§ **WHAT NEEDS TO BE DONE**
Here are the records. Write out exactly the lines between the one holding "An Jagdkampf-Übung der" and the one holding "Pour le siège", inclusive.

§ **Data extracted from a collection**
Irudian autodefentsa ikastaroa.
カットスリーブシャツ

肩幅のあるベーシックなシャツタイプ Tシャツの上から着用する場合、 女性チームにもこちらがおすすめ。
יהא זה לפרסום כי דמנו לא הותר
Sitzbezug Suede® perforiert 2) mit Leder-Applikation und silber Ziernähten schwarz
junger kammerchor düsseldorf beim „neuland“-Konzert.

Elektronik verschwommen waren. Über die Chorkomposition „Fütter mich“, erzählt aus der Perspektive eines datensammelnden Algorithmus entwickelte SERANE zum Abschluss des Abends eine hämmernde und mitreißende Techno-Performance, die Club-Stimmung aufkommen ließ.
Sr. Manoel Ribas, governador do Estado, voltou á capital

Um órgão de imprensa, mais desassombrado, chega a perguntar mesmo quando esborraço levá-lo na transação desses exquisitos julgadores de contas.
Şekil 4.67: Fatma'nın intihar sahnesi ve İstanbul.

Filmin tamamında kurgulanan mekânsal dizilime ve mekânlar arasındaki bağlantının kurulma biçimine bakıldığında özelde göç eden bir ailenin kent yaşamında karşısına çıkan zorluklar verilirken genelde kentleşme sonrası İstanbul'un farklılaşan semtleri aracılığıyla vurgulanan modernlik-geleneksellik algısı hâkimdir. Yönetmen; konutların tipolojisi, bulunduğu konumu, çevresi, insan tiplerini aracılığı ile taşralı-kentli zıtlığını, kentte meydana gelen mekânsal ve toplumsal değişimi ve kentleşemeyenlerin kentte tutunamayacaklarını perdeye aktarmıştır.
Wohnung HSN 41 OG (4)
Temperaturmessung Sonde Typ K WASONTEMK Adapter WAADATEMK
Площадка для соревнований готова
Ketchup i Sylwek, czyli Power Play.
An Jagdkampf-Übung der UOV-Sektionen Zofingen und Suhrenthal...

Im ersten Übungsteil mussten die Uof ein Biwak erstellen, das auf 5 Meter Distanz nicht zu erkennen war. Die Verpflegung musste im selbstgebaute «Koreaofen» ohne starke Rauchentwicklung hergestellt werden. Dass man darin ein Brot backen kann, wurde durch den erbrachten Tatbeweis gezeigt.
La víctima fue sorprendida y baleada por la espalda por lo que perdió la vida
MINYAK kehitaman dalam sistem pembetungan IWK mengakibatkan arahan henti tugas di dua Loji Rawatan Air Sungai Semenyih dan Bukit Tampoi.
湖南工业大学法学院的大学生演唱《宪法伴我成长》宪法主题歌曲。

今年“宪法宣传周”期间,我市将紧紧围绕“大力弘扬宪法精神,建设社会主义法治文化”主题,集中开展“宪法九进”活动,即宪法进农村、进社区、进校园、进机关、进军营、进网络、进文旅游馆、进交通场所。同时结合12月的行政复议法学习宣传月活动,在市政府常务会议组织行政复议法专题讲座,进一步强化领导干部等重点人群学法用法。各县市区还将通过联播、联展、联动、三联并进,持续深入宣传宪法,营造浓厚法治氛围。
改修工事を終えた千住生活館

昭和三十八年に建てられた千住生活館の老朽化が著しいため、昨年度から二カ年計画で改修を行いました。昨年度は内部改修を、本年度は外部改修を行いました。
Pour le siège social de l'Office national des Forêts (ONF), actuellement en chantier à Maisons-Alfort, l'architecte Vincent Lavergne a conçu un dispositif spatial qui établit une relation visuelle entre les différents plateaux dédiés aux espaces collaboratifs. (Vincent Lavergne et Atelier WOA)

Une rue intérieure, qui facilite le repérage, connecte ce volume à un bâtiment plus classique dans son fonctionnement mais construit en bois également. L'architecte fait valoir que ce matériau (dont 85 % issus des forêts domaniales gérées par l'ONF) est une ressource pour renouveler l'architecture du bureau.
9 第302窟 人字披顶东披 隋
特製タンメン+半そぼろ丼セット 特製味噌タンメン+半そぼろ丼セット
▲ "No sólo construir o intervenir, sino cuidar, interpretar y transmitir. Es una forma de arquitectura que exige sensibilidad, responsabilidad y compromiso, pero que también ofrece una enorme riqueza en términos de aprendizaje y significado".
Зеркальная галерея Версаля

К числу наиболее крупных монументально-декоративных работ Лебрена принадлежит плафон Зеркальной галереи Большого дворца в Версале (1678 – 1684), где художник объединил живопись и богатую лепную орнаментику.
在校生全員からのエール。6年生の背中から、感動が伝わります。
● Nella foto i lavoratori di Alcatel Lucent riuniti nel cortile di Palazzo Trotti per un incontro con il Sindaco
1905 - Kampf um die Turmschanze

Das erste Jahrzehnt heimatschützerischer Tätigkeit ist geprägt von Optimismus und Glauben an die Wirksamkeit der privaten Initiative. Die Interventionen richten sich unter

§ **ANSWER TO THE EXERCISE**
An Jagdkampf-Übung der UOV-Sektionen Zofingen und Suhrenthal...

Im ersten Übungsteil mussten die Uof ein Biwak erstellen, das auf 5 Meter Distanz nicht zu erkennen war. Die Verpflegung musste im selbstgebaute «Koreaofen» ohne starke Rauchentwicklung hergestellt werden. Dass man darin ein Brot backen kann, wurde durch den erbrachten Tatbeweis gezeigt.
La víctima fue sorprendida y baleada por la espalda por lo que perdió la vida
MINYAK kehitaman dalam sistem pembetungan IWK mengakibatkan arahan henti tugas di dua Loji Rawatan Air Sungai Semenyih dan Bukit Tampoi.
湖南工业大学法学院的大学生演唱《宪法伴我成长》宪法主题歌曲。

今年“宪法宣传周”期间,我市将紧紧围绕“大力弘扬宪法精神,建设社会主义法治文化”主题,集中开展“宪法九进”活动,即宪法进农村、进社区、进校园、进机关、进军营、进网络、进文旅游馆、进交通场所。同时结合12月的行政复议法学习宣传月活动,在市政府常务会议组织行政复议法专题讲座,进一步强化领导干部等重点人群学法用法。各县市区还将通过联播、联展、联动、三联并进,持续深入宣传宪法,营造浓厚法治氛围。
改修工事を終えた千住生活館

昭和三十八年に建てられた千住生活館の老朽化が著しいため、昨年度から二カ年計画で改修を行いました。昨年度は内部改修を、本年度は外部改修を行いました。
Pour le siège social de l'Office national des Forêts (ONF), actuellement en chantier à Maisons-Alfort, l'architecte Vincent Lavergne a conçu un dispositif spatial qui établit une relation visuelle entre les différents plateaux dédiés aux espaces collaboratifs. (Vincent Lavergne et Atelier WOA)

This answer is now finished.